Совершенно иной оказалась Вторая мировая. Принципиальное ее отличие в том, что в качестве конечных политических целей войны впервые рассматривались не только военнослужащие противника, но и «цивилисты» — мирное население этих стран. Премьерой стал и идеологический ракурс. Человечество воспринималось под углом зрения «арийской» расовой теории и вытекающих из нее сугубо этнических эмоций — братской солидарности (с арийцами — не немцами), брезгливого презрения (к славянам) и лютой ненависти (к евреям и цыганам). Оставим здесь в стороне обусловленные этим — разной степени добровольности — угоны гражданского населения завоеванных стран в качестве принудительных рабочих в видах хозяйственного их использования в Третьем рейхе. Если в плане депортаций и эксплуатации гражданского населения (равно как и по жестокости отношения к военнопленным) Япония могла еще дать фору Германии, то в одном она безнадежно «проваливалась» — в культе государственной «лютой ненависти» к евреям, который исповедовала и практиковала Германия. Впрочем, своих евреев в Японии практически не было, а японский консул в Литве Сугихара спас своими транзитными визами на порядок больше евреев, чем их проживало в его собственной стране.
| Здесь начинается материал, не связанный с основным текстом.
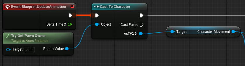 현재 AI의 애니메이션이 작동하지 않는데 이를 애니메이션 블루프린트의 Cast To BP_Character를 Cast To Character로 변경하여 작동하도록 수정할 수 있다.(AI캐릭터는 BP_Character가 아니기 때문)

Гитлер же, не преуспев с географическим решением еврейского вопроса (Мадагаскар, Уганда, Люблин‑Ниско, Биробиджан) в начале войны, перестроился на его биологическое и окончательное решение после начала войны с СССР. Это распространялось на всех евреев, включая немецких и австрийских, но только на евреев по расе, а не по вере, что оказалось даже спасительным для караимов и части горских евреев в оккупированных областях СССР. Остальных надлежало собирать в гетто и лагеря смерти и систематически убивать, причем «полезных», то есть классных специалистов, позже, чем остальных. Впрочем, известно и яркое исключение: генерал‑фельдмаршал Мильх, банальный мишлинг по крови, был настолько нужен люфтваффе и Рейху, что ему даже подправили генеалогию, уговорив мать признаться в «грехе» с немецким аристократом! Так что Геринг отвечал за свои слова, когда якобы говорил своим кадровикам: «Кто тут еврей, решаю я!»
Короче, уничтожение европейского еврейства было одной из главных целей войн Гитлера на востоке — целью, для достижения которой к польским и советским евреям постепенно были «подверстаны» и все остальные евреи Европы, включая немецких.
Все это важно для уточнения нашей темы. Ведь еврейский героизм в годы Второй мировой — особенный, общая мерка ратных подвигов на полях сражений тут не годится, хотя и евреев в составе армий Коалиции было немало. У евреев поэтому была своя война и свое отчаянное сопротивление — битва за выживание народа.
Шла она на всех уровнях соприкосновения с врагом — в каждом гетто, каждом эшелоне с депортируемыми, каждом лагере смерти, каждом партизанском отряде, где командовали или просто участвовали евреи.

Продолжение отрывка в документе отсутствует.